2.2 Memory Update Workflow

[Figure 2] The Memory Update Workflow in MIRIX

The figure above illustrates how memory is updated in the MIRIX method. Based on the user’s input, relevant information is first retrieved from the 6 Memory Components. The Meta Memory Manager then determines which Memory Component the current user input belongs to and assigns the update task to the corresponding Memory Manager.

2.3 Conversation Workflow

[Figure 3] The Conversation Workflow in MIRIX

Once the MIRIX Agent has collected sufficient memory, it can begin to answer the user’s questions based on that memory. The actual conversation process of the MIRIX Agent is shown in the figure above. Based on the user’s input, relevant (but concise, not all details) information is first retrieved from the Memory Base across the 6 Memory Components. The Chat Agent then determines which Memory Component should handle the current input and triggers a “Conduct Specific Search” to retrieve more detailed and complete information from that specific component. Finally, it generates the final response based on this retrieved information.

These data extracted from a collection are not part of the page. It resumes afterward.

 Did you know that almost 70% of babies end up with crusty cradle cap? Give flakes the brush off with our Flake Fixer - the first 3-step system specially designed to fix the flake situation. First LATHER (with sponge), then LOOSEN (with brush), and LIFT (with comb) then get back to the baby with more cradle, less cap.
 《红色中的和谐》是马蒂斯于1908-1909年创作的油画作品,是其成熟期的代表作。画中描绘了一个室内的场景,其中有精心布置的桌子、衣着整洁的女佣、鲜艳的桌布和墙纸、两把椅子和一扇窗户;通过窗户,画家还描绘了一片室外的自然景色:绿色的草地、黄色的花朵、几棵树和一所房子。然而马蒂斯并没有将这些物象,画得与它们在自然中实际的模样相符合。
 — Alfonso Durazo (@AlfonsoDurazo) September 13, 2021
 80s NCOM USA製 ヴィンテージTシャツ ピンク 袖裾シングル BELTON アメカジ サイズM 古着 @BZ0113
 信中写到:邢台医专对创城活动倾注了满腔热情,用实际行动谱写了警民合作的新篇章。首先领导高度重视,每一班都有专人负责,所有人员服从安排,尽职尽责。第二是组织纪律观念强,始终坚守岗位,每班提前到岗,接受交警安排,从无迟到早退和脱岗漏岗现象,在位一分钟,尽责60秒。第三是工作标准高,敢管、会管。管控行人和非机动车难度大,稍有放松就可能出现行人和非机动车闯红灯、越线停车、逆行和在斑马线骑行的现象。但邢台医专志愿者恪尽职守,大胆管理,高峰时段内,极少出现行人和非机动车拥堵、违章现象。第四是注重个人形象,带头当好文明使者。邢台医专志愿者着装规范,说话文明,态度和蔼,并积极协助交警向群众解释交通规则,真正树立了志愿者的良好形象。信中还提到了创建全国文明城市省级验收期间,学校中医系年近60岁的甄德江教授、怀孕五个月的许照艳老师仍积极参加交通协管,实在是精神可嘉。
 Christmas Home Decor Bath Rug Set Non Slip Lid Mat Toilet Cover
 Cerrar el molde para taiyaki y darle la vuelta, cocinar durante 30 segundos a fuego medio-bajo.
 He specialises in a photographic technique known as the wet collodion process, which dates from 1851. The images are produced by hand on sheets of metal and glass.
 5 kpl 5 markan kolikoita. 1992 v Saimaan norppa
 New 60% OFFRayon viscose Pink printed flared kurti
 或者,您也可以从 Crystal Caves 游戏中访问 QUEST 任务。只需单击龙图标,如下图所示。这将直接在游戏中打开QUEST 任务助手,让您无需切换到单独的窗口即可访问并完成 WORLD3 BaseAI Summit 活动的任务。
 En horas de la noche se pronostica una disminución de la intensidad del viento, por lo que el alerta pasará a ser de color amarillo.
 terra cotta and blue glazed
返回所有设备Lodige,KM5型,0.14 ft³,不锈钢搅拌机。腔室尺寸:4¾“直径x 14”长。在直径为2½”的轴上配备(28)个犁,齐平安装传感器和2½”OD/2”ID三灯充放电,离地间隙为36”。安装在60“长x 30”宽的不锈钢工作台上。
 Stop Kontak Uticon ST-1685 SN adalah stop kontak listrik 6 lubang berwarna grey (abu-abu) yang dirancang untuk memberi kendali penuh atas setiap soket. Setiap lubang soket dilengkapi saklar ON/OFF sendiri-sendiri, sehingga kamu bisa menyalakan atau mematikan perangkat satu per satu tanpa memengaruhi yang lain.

If the Chat Agent determines that the user’s input requires a memory update, it can directly trigger the specific Memory Manager to update the relevant Memory Component.

3 Experimental Results

In the experimental phase, the MIRIX paper used two datasets—ScreenshotVQA and LOCOMO.

ScreenshotVQA is a multimodal LLM memory dataset created for this paper. This benchmark includes 5886, 18178, and 5349 screen captures collected from 3 users over 1 day, 20 days, and 1 month, respectively, along with 11, 21, and 55 corresponding questions. LOCOMO, on the other hand, is a text-only LLM memory dataset, containing 600 conversations, with each conversation averaging 26K tokens and 200 corresponding questions.

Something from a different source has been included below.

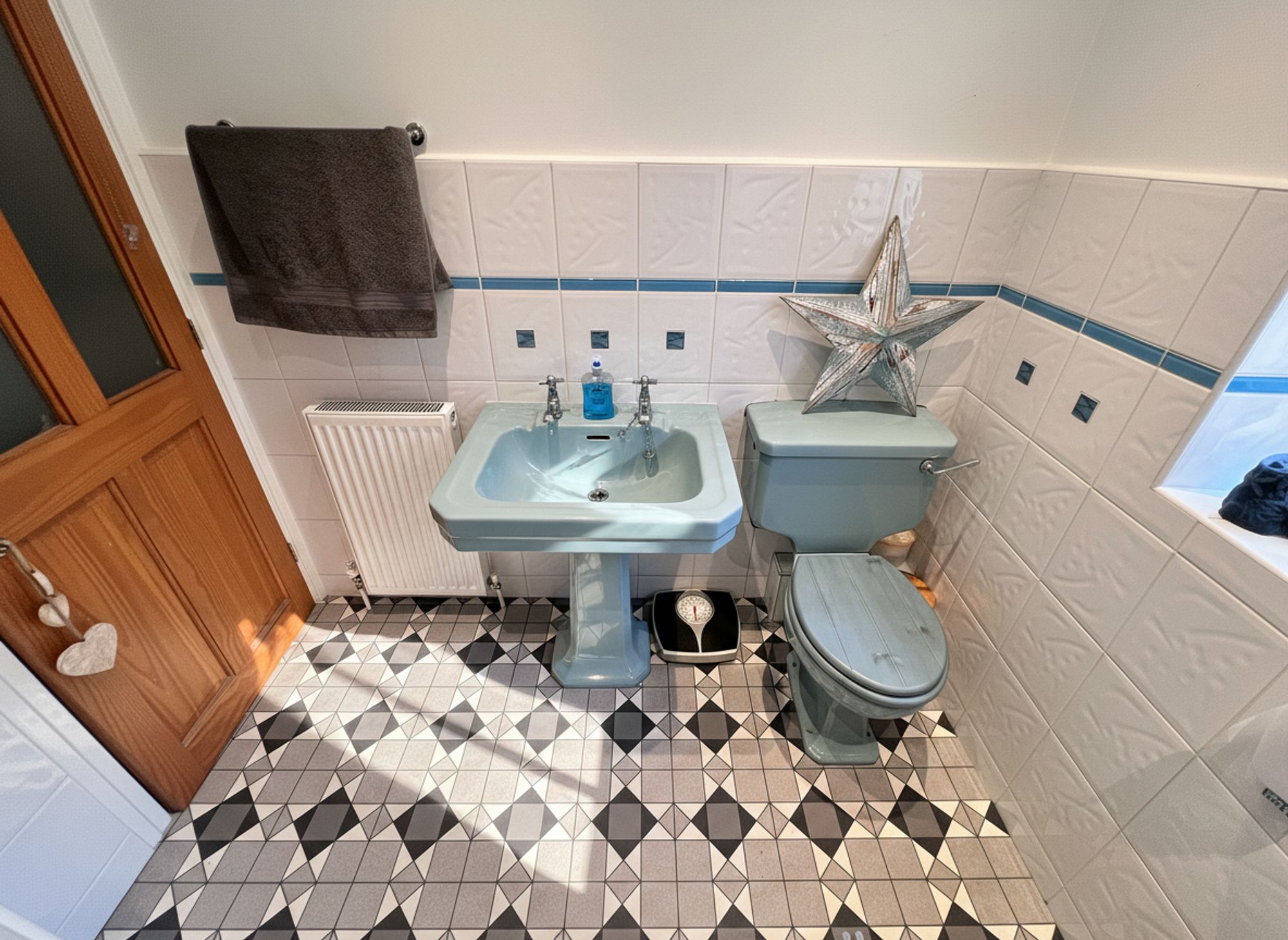 The house bathroom is fitted with a full-size bath, wash basin and low flush WC, along with a useful built-in cupboard providing excellent storage for everyday essentials. The walls are partially tiled, complemented by attractive feature lino flooring creating a stylish finish.
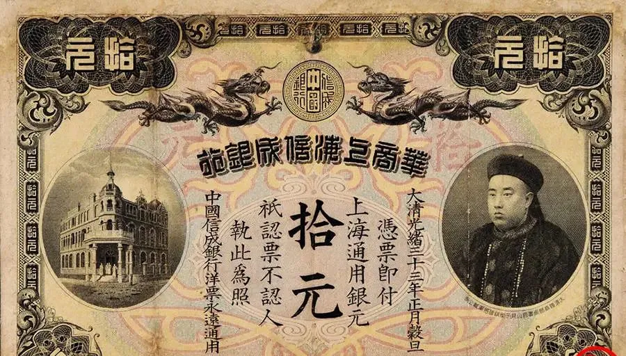 这个花团龙纹的纸面叫信成银行钞票,右侧椭圆框里就是载振的头像,印钞这回事儿,既讲门第也讲场合,按理说把部里的尚书头像印上去,能说得过去,真正的门道呢,老爷子那会儿位高权重,下面的人巴结有路,把人像抬到钱上,也算留了个脸面在坊间流传。

For the evaluation metric, the authors designed an LLM-as-a-Judge method based on GPT-4.1. Additionally, the MIRIX Agent used gemini-2.5-flash-preview-04-17 and gpt-4.1-mini as its backbone models for the ScreenshotVQA and LOCOMO datasets, respectively.

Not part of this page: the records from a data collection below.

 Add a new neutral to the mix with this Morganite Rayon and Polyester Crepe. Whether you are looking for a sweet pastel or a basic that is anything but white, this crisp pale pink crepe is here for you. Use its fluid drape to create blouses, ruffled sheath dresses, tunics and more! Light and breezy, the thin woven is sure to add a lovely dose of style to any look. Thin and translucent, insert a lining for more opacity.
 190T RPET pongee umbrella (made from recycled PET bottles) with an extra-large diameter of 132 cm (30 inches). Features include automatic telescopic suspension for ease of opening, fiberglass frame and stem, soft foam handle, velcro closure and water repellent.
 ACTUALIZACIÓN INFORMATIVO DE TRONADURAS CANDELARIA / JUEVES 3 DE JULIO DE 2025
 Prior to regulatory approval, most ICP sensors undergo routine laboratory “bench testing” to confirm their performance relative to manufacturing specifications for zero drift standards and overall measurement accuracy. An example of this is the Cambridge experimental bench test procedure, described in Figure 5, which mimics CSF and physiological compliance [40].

[Table 1] MIRIX experimental results on ScreenshotVQA

[Table 2] MIRIX experimental results on LOCOMO

From the experimental results above, it is clear that the MIRIX Agent achieved outstanding performance on both datasets!

4 Conclusion

This article has introduced the LLM Memory method proposed in the MIRIX paper. After reading this paper, what impressed me the most was the 6 Memory Components defined in MIRIX. They cover almost every conceivable usage scenario and address the shortcomings in memory component design found in LangMem, Mem0, and MemGPT. As for the Memory Update Workflow and Conversation Workflow, I found them to be less novel. However, MIRIX’s approach of designing a specific Memory Agent for each component has led to better performance than other baseline methods, suggesting that its prompt design is likely worth studying.